Exercise prompt » Data follows below. Repeat exactly the lines between the line holding "Почему даже самые" and the line holding "You can see", inclusive, and nothing more; drop pictures.

Dataset »
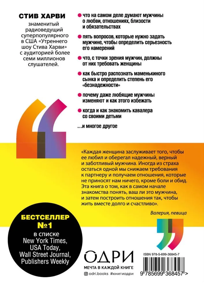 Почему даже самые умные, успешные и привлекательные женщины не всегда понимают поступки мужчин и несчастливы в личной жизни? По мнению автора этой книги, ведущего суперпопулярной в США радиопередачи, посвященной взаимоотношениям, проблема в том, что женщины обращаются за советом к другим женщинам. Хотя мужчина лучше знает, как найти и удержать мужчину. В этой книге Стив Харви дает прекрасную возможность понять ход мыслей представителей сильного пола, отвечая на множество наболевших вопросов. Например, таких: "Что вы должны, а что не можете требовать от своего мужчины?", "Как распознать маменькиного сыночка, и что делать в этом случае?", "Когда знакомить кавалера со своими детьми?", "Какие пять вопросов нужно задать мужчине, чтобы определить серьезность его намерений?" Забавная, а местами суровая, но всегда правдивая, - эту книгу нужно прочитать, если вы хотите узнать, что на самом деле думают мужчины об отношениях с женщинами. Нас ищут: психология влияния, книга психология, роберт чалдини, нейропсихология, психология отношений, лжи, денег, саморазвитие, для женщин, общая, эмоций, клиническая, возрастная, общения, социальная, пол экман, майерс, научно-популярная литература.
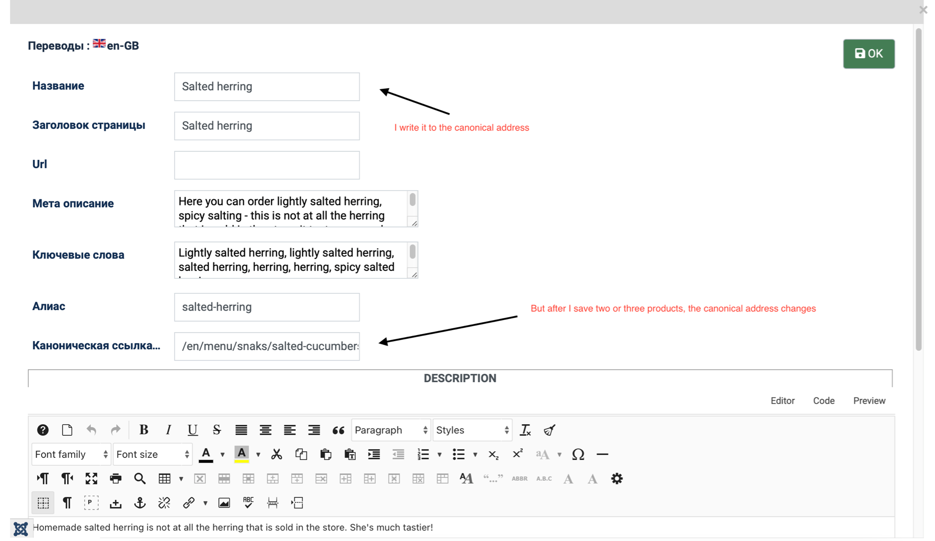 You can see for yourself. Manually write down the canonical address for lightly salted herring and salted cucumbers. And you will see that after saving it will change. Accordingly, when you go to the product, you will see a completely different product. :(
...
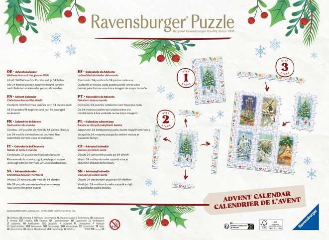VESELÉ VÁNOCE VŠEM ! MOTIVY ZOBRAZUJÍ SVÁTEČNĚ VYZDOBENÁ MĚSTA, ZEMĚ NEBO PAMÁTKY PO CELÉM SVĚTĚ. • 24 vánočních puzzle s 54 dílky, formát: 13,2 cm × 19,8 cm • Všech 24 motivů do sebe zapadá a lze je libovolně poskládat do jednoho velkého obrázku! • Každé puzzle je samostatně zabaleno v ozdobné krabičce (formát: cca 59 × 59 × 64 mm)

Finished task »
 Почему даже самые умные, успешные и привлекательные женщины не всегда понимают поступки мужчин и несчастливы в личной жизни? По мнению автора этой книги, ведущего суперпопулярной в США радиопередачи, посвященной взаимоотношениям, проблема в том, что женщины обращаются за советом к другим женщинам. Хотя мужчина лучше знает, как найти и удержать мужчину. В этой книге Стив Харви дает прекрасную возможность понять ход мыслей представителей сильного пола, отвечая на множество наболевших вопросов. Например, таких: "Что вы должны, а что не можете требовать от своего мужчины?", "Как распознать маменькиного сыночка, и что делать в этом случае?", "Когда знакомить кавалера со своими детьми?", "Какие пять вопросов нужно задать мужчине, чтобы определить серьезность его намерений?" Забавная, а местами суровая, но всегда правдивая, - эту книгу нужно прочитать, если вы хотите узнать, что на самом деле думают мужчины об отношениях с женщинами. Нас ищут: психология влияния, книга психология, роберт чалдини, нейропсихология, психология отношений, лжи, денег, саморазвитие, для женщин, общая, эмоций, клиническая, возрастная, общения, социальная, пол экман, майерс, научно-популярная литература.
 You can see for yourself. Manually write down the canonical address for lightly salted herring and salted cucumbers. And you will see that after saving it will change. Accordingly, when you go to the product, you will see a completely different product. :(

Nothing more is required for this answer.